4. Performance Testing
In order to enlarge the difference of the test results, this time we open 200 threads, each thread mix 10,000 times the queue and the queue operation, the above process repeats 100 times the average time of execution (in milliseconds), the complete test code see github:beautiful-concurrent. The test results are as shown
From the test results, we know that the non-lock queue lockfreesinglelinkedqueue based on unidirectional linked list has achieved good results in second place. Although there is still a big gap with Concurrentlinkedqueue, which is also built with CAs, it is much better than linkedblockingqueue, which is thread-safe based on locks. Of course, it is also better than the non-lock queue based on the bidirectional linked list.
5. Summary
The CAS algorithm reduces the scope of synchronization between multiple threads to a single variable, maximizing the degree of parallelism of program execution, and to some extent, the scalability of this parallelization is the greatest advantage of CAS algorithm. However, it is also to be seen that when modifying a data structure involves multiple variables, the CAS algorithm cannot synchronize multiple variables at the same time, which may cause the thread to modify the data structure in some intermediate state, which may cause other threads to fail to continue execution. At this time, the collaboration between threads can be implemented based on the CAS algorithm. When a thread discovers that the data structure is in an intermediate state (meaning that other threads are modifying it, but may lose CPU execution without modifying it), the intermediate state can be repaired (performing its unfinished operations for other threads), which consumes the CPU compared to a white spin.
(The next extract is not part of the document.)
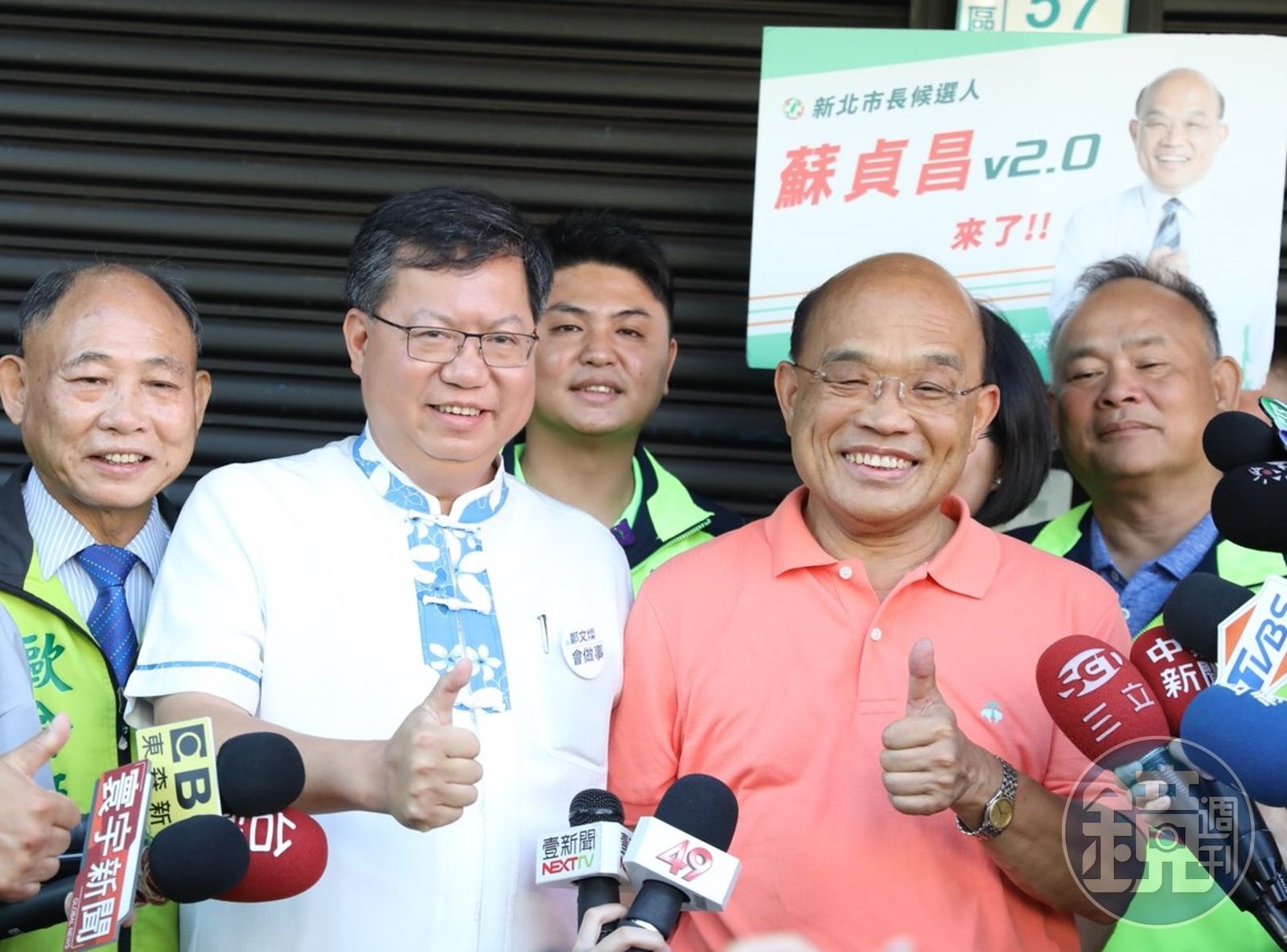 另外,鄭文燦被媒體問到是「北北桃最強母雞」時,立刻指著左邊的蘇貞昌說:「母雞是我的左手邊。」蘇貞昌則說,鄭文燦4年下來深獲好評,大家都可以看出真的是會做事的鄭文燦讓桃園市進步非常快。

This interaction clearly improves performance, and the implementation of the previous queue method is a typical example of this CAS-based collaboration, which also relies on the characteristics of the CAS operation itself: it meets expectations to succeed and execution fails without side effects. Understanding this, we can better use the CAS algorithm to build an efficient lock-free data structure.